* [WORK INSTRUCTION] Only the stretch below from the line holding "Trải nghiệm không" through the line holding "前方に秀麗な形をした山々、実" should be restated, word for word and with both ends included; pictures stay out.

* [DATASET]
--- START ---
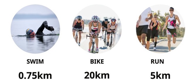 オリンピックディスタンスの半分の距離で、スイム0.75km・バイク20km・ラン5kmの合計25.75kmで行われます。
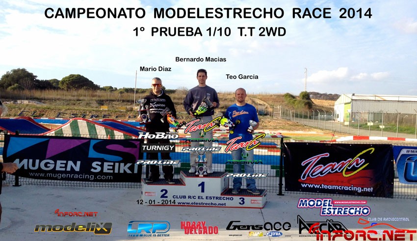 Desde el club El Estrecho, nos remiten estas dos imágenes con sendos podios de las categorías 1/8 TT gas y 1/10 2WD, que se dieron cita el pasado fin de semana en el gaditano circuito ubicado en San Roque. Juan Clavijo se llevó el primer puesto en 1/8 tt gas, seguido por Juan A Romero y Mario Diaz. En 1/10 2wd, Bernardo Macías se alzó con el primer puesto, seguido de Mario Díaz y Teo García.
--- END ---
--- START ---
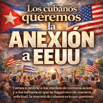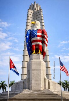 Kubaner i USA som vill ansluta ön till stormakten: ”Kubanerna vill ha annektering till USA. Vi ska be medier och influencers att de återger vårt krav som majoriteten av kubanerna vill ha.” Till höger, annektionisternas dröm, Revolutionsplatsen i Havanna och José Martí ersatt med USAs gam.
--- END ---
--- START ---
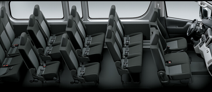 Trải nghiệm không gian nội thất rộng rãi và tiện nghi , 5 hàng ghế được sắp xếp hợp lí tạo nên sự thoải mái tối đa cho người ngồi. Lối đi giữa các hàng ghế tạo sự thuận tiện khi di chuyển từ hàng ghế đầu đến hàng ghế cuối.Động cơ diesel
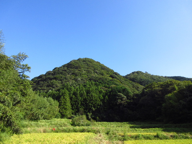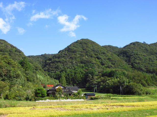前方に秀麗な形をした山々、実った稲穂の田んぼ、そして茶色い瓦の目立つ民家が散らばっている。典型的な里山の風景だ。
--- END ---
* [COMPLETED EXERCISE]
 Trải nghiệm không gian nội thất rộng rãi và tiện nghi , 5 hàng ghế được sắp xếp hợp lí tạo nên sự thoải mái tối đa cho người ngồi. Lối đi giữa các hàng ghế tạo sự thuận tiện khi di chuyển từ hàng ghế đầu đến hàng ghế cuối.Động cơ diesel
前方に秀麗な形をした山々、実った稲穂の田んぼ、そして茶色い瓦の目立つ民家が散らばっている。典型的な里山の風景だ。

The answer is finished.